On the 3d of August, Mr. Quincy called for me at twelve o’clock, to introduce me, with Captain Ryk and Mr. Tromp, to the elder Mr. Adams, father of the present president. This worthy old man, who was ninety years old, and a signer of the Declaration of Independence, lives ten miles from Boston, on his farm at Quincy, revered by his family, and honoured by the whole nation, who regard him as their common father. I was much affected when, as I approached this venerable man who had so efficiently laboured in the cause of American independence, he extended to me his hand. He was still in full possession of his mental faculties, and remembered, not only the things which had occurred long ago, but knew also every thing which had recently taken place, or was now passing. His bodily strength, however, was diminishing, and he felt a weakness, particularly in his legs.
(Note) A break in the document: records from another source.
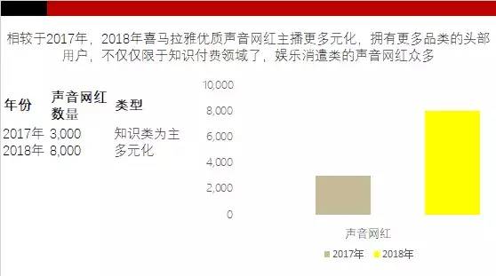 相較于2017年,2018年聲音網(wǎng)紅的增長(cháng)率達270%,平臺主要內容創(chuàng )業(yè)者的領(lǐng)域也從單一轉向多元化發(fā)展。2017年整個(gè)行業(yè)都在大談知識付費,2018年開(kāi)始轉向音頻內容消費,每條音頻背后的內容不再拘泥于可用性、實(shí)用性,也可以選擇娛樂(lè )性、消遣型的音頻創(chuàng )作。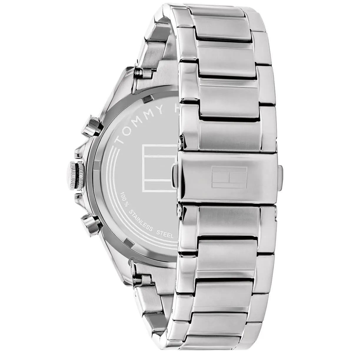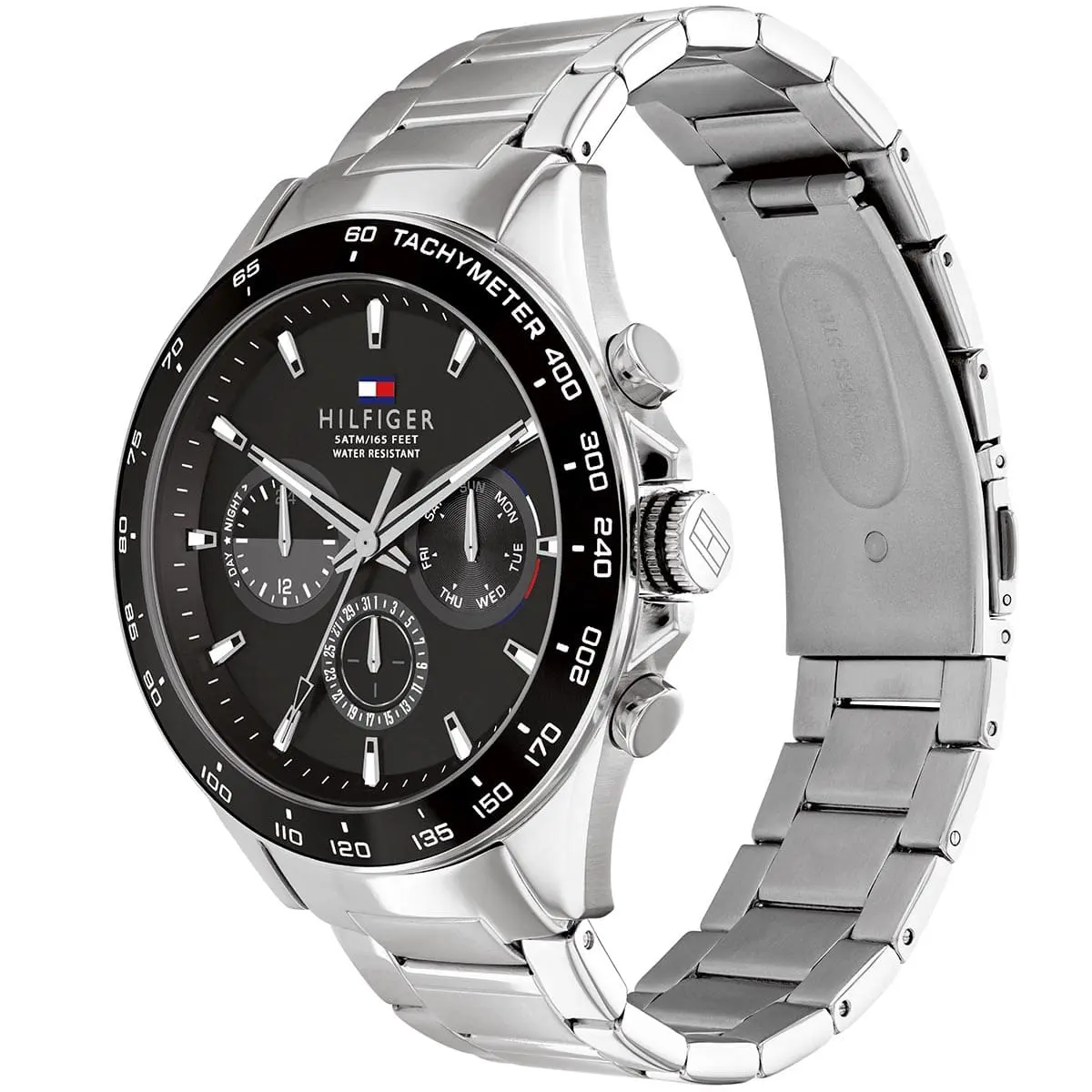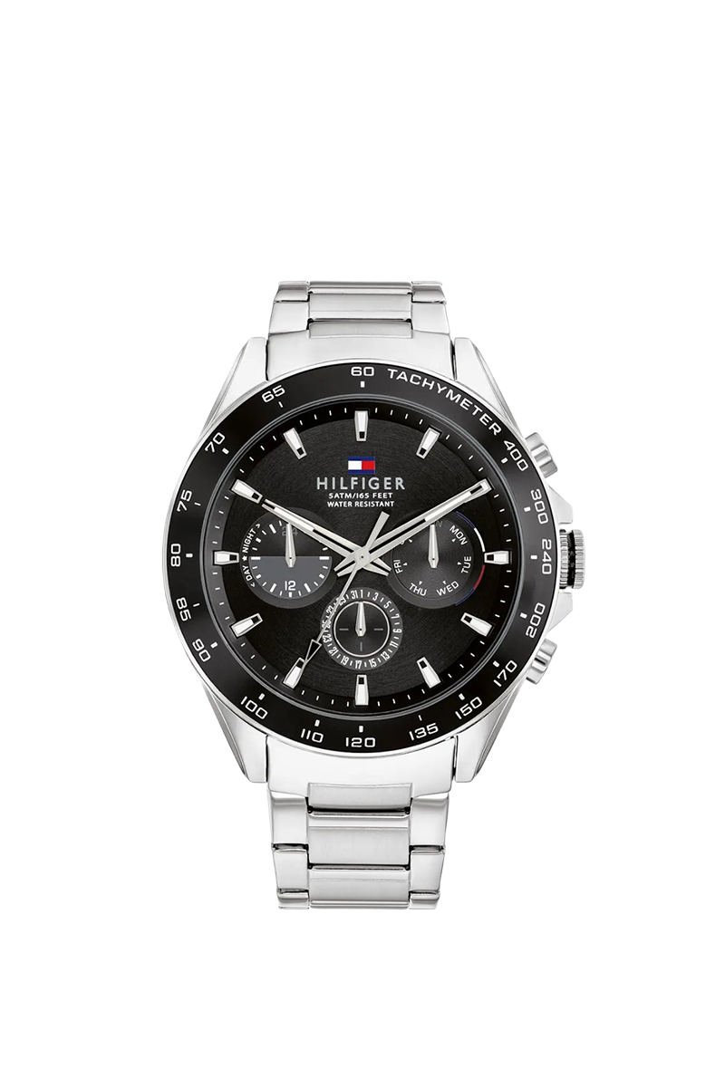 The Tommy Hilfiger Owen 1791967 is a bold men's chronograph that combines classic American preppy style with sporty functionality. Housed in a substantial 46mm round stainless steel case with an 11mm thickness, its intense black dial features luminous hands and applied indices for excellent legibility, complemented by chronograph subdials, monthly and weekly date displays, and stopwatch capability. The silver stainless steel bracelet with 22mm width offers a premium, comfortable fit at 145 grams. Powered by reliable quartz movement, it ensures precise performance and 50 meters water resistance. Designed with Tommy Hilfiger's signature refined aesthetic, this analog timepiece exudes effortless sophistication and versatility, making it an ideal everyday watch for the modern man who appreciates durable craftsmanship, bold design, and timeless appeal.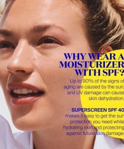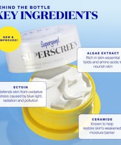 ¡Supergoop! Superscreen es una crema hidratante diaria y protector solar SPF 40 en uno que protege tu piel de los dañinos rayos UVA, rayos UVB e incluso de la contaminación ambiental y la luz azul. Su textura ligera se absorbe fácilmente en la piel, dejándola suave, suave e hidratada. Formulada con una combinación de humectantes, antioxidantes y activos reparadores de la piel recolectados de algas azul-verdes, esta crema ayuda a restaurar y mejorar la apariencia de la piel. Libre de oxibenzona y octinoxato, Superscreen es adecuado para todo tipo de piel y tono, ofreciendo una hidratación intensa y una protección solar confiable. Aplica generosamente como último paso en tu rutina de cuidado de la piel y 15 minutos antes de la exposición al sol para lograr los mejores resultados. ¡Protege tu piel y mantén su salud con Supergoop! Superscreen!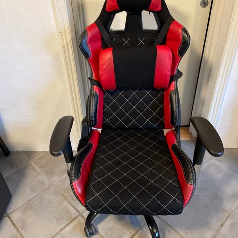 Noblechairs gamingstol med kombination af stof og kunstlæder i grå og sort. Stolen har høj ryglæn med integreret nakkestøtte, polstret sæde og justerbare armlæn. Velegnet til brug ved skrivebord eller gaming-setup.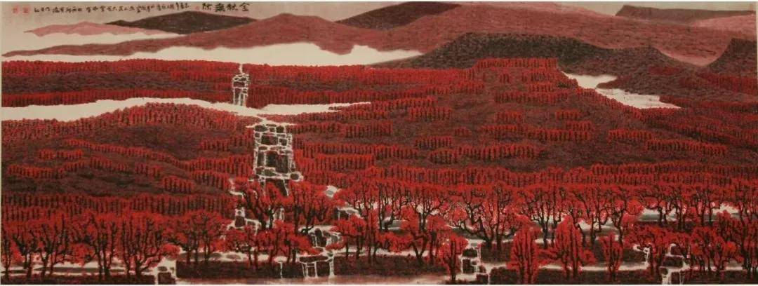 红色调作品堪称“红的壮丽”典范。2006年,他为人民大会堂创作的巨幅山水画《金秋无际》,以香山红叶为题材,用朱砂渲染出层林尽染的壮丽景象,替代了原悬挂的潘天寿作品《松》,成为人民大会堂首次收藏的北京风情题材作品。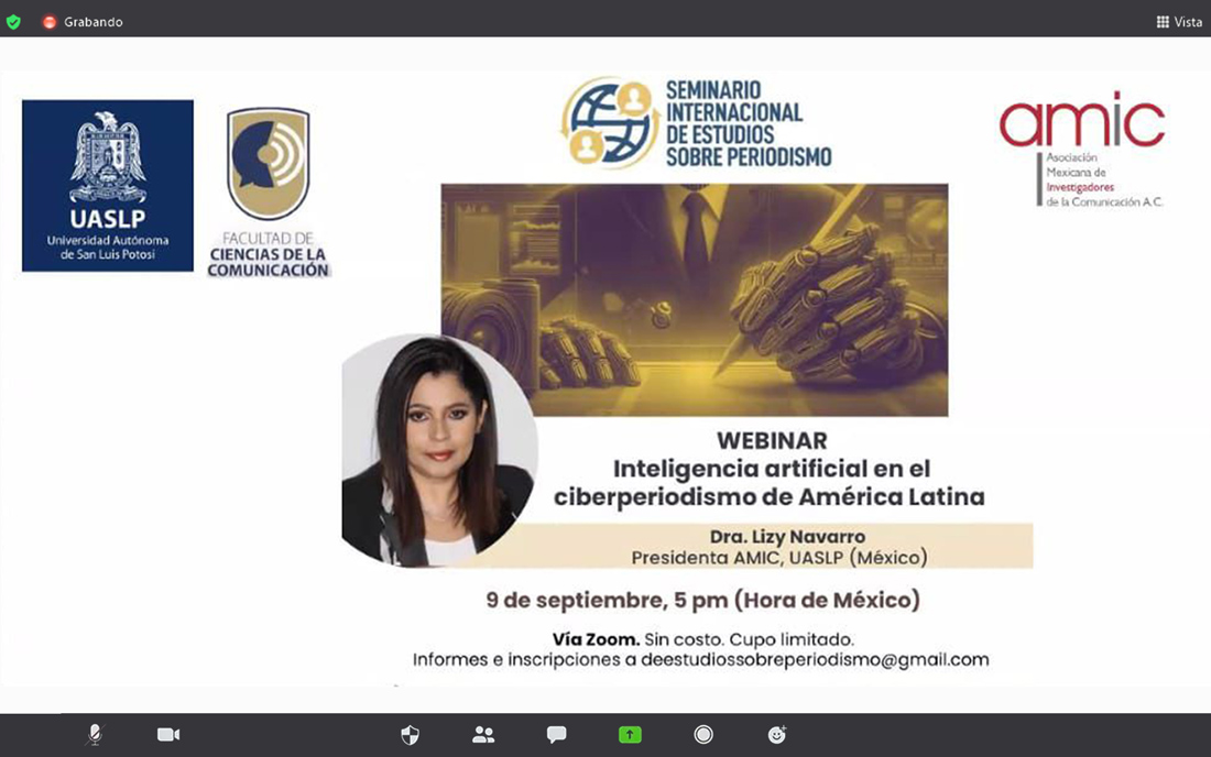 Hace unos días, la Dra. Lizy Navarro Zamora, presidenta de la Asociación Mexicana de Investigadores de la Comunicación (AMIC), ofreció una webinar titulada: “Inteligencia Artificial en el ciberperiodismo de América Latina”, como parte del Seminario Internacional de Estudios Sobre Periodismo, auspiciado por la Facultad de Letras y Comunicación de la Universidad de Colima, en colaboración con otras universidades nacionales y extranjeras.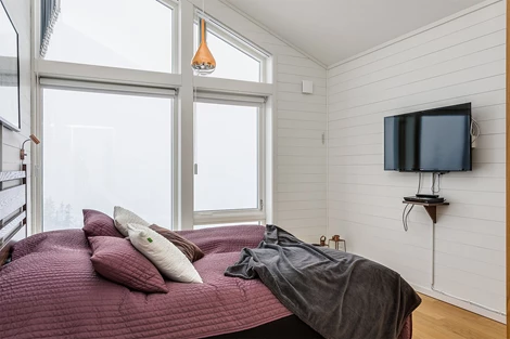 Sovrum 2-5: Sovrum 2 har två bäddar, sovrum 3 har fyra bäddar, sovrum 4 har en dubbelsäng och balkong med magisk utsikt och sovrum 5 har en dubbelsäng och panoramafönster med samma magiska utsikt mot Åreskutan och Åresjön samt tv på väggen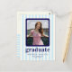 Celebrate in style with our chic and modern graduation party invitation! Featuring playful light blue and white stripes as the backdrop, this design is adorned with bold blue text for a vibrant and contemporary flair. Perfectly tailored to showcase a cherished photo, it’s a sophisticated way to invite loved ones to join the celebration.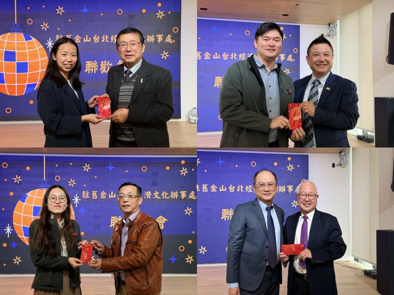 伍志翔致詞表示,三位同仁在駐處服務多年,現階段奉調回臺承擔新任務,另有兩位新同仁加入團隊,特別藉新春時節向大家介紹,也提前向僑界拜年。他強調,灣區僑界活力十足、熱情滿滿,駐處團隊將持續在既有基礎上精進服務,除推動臺美經貿與政務交流外,也將全力服務北灣、南灣,以及猶他州與內華達州的僑胞與民眾。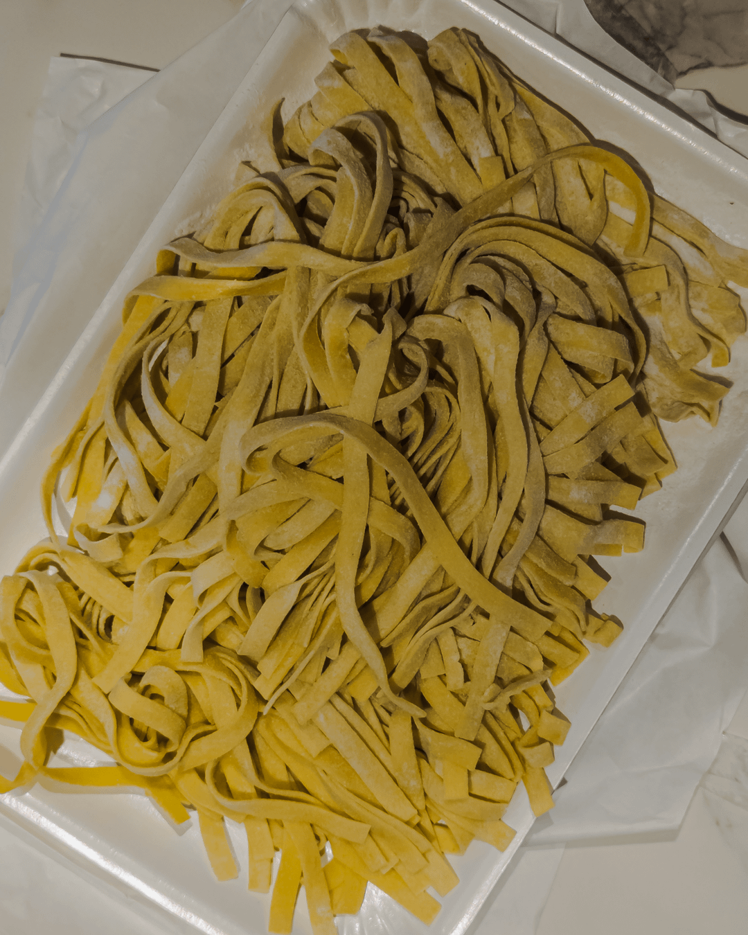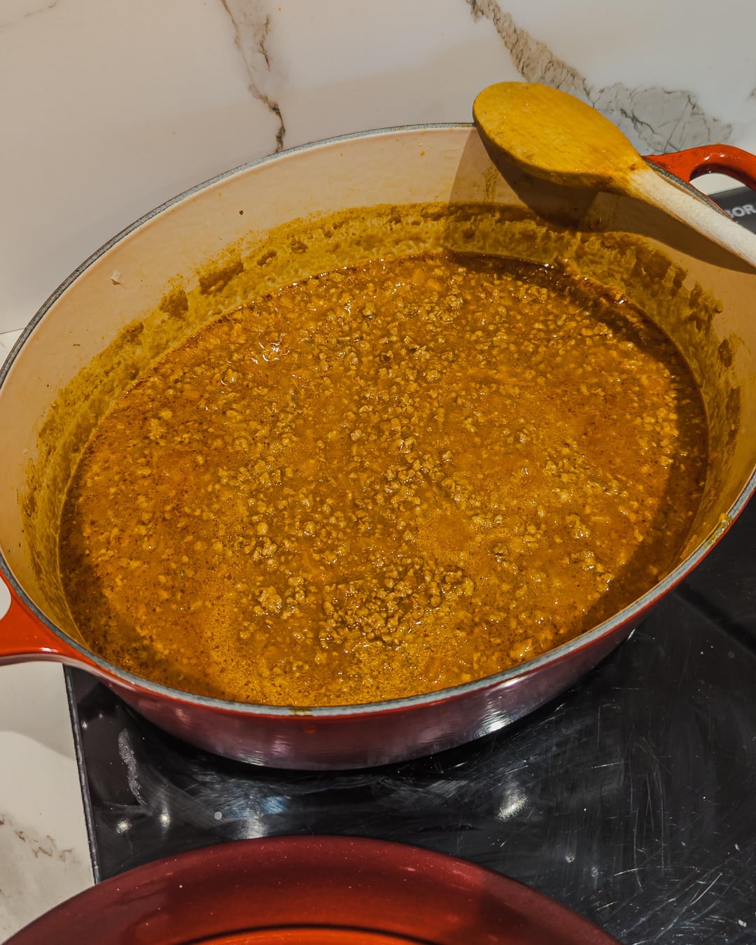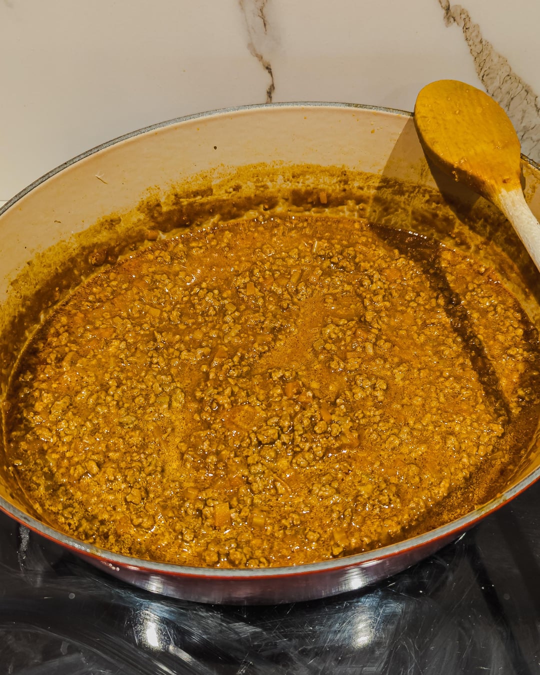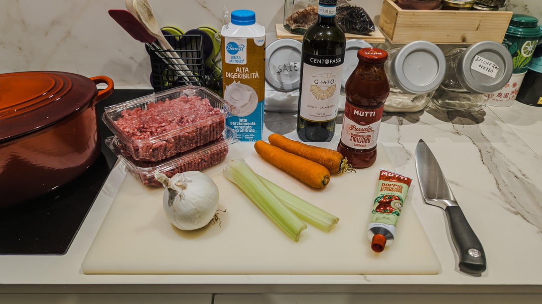 I followed the recipe by the Bologna Chamber of Commerce, the only difference is that the butcher didn't have fresh pancetta and I replaced it with minced pork meat (the butcher minced both beef and pork together). Overall the ragù cooked for 4 hours (+ soffritto).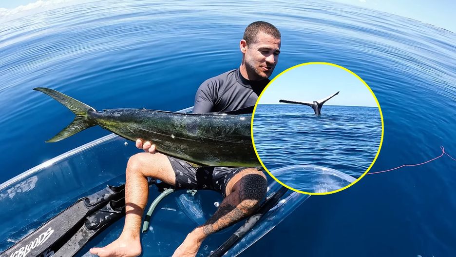 YouTuber Brodie Moss pływał swoim przezroczystym kajakiem po oceanie, gdy nagle zobaczył wystającą nad wodą płetwę wieloryba. Zwierzę się nie ruszało, a jego ogon wyglądał fragment samolotu. Wszystko widać na filmie.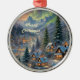 Ornamento De Metal Natal numa aldeia montanhosa, luzes polares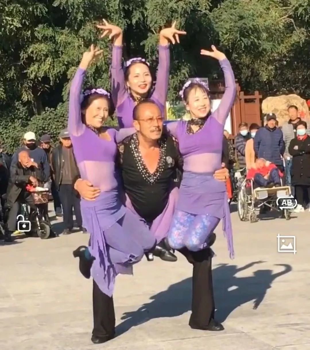马德胜优美而激情的舞姿很难不让人联想到前段时间爆火的沈阳公园老大爷,以一己之力扛起三个老太太。

He conversed with me about half an hour, especially concerning Holland, where he had been ambassador during the revolution, and the features of his ancient countenance revived again as he dwelt on the fact, that it was owing to him that Holland then declared war against England, and the English ambassador, notwithstanding all his intrigues, could effect nothing. When Mr. Tromp was introduced to him, he remembered his great ancestor, shook his hand in a friendly manner, was much affected, and said to him, “God bless you, Van Tromp!” We left this worthy old man in deep emotion, and congratulated each other on our good fortune in having been introduced to this departing veteran of a revolution, which may well be called salutary.

In his house we saw several good portraits and busts of him, portraits of his wife, who died seven years ago, of his son, the president, and of General Warren, who fell at Bunker’s Hill. We saw also a son of President J. Q. Adams, who is a lawyer at Boston, and with whom I became acquainted some days ago in the Athenæum.